To test whether the heart has a functional defect in the absence of FLNCa and FLNCb, I performed live imaging of embryonic hearts. To this end, I mounted the embryos in agarose and took pictures and short videos over successive cardiac cycles through a dissecting microscope with and without fluorescence. From the movies, I measured ventricular and atrial areas of DKO and control hearts during diastole and systole. I also calculated the percent fractional area change (%FAC) in both chambers, which is the difference between the end diastolic area and the end systolic area. I found that the average %FAC in control ventricles was around 23, which was significantly reduced in FLNC DKO ventricles due to their stiffness. I also found decreased contraction and relaxation in the atrium of DKO compared to controls. Overall, I concluded that FLNC is required in the zebrafish heart for pump function.
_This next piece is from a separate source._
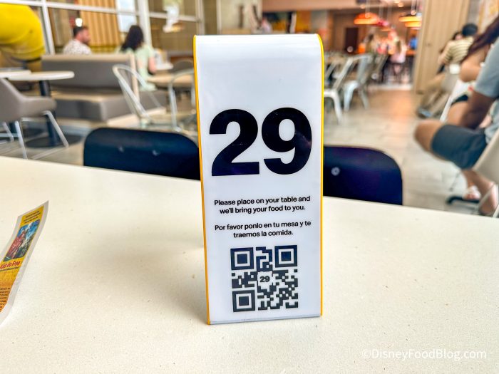 Once you placed your order and paid, you picked up a table number to place on your table so that a worker could easily find you. This allows you to sit instead of standing and waiting for your food to be ready.

A second way that I imaged hearts was by confocal microscopy, which produces a static but very high resolution image. To use the confocal microscope, we first prepared the embryos
by immunostaining. Immunostaining uses antibodies to target a protein of interest with a fluorescent signal. Specifically, the primary antibody binds to the target protein, while the secondary antibody that is conjugated to fluorescent signal binds the primary antibody and displays the fluorescence. I also blocked other proteins from binding to the primary antibody and performed a series of washes to remove any nonspecifically bound antibodies. To my surprise, the confocal images showed that the ventricles of FLNC DKO hearts appear larger, which I confirmed by measuring the ventricular area using Fiji software. If I had more time in the lab, I would test why the ventricles are larger in FLNC DKO embryos by counting the number of cardiomyocytes and by measuring individual cardiomyocyte cell size. Overall, I found that FLNC is essential for healthy heart and cardiomyocyte development and that this function is conserved from zebrafish to humans.
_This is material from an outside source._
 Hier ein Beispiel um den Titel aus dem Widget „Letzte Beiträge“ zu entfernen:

Though I learned so much about zebrafish, FLNC, genetic mutations, and how to run many different experiments, I also took away valuable lessons on how to be a scientist. During my six weeks at the Burns Lab, I had many failed experiments and unclear results. Though some of these results were due to my own mistakes, many results required us to adjust our protocol to troubleshoot the problem. Another key skill I learned was how to read original research published in a scientific journal. Each week, I had to read and discuss at least one paper relating to some element of cardiology. Although they were often challenging, I learned how to understand the big picture and how to interpret figures, data, and statistics.
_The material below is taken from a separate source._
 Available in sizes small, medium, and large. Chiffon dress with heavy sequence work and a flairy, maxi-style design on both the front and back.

I am very grateful for the experience I gained from this internship and the opportunity to see what some potential career paths can look like in STEM. I would like to thank the entire Burns Lab for welcoming me into their space this summer and teaching me so much, especially Caroline Burns, Geoff Burns, and Warlen Pereira Piedade. I would also like to thank Rivers and Mr. Schlenker for this amazing opportunity.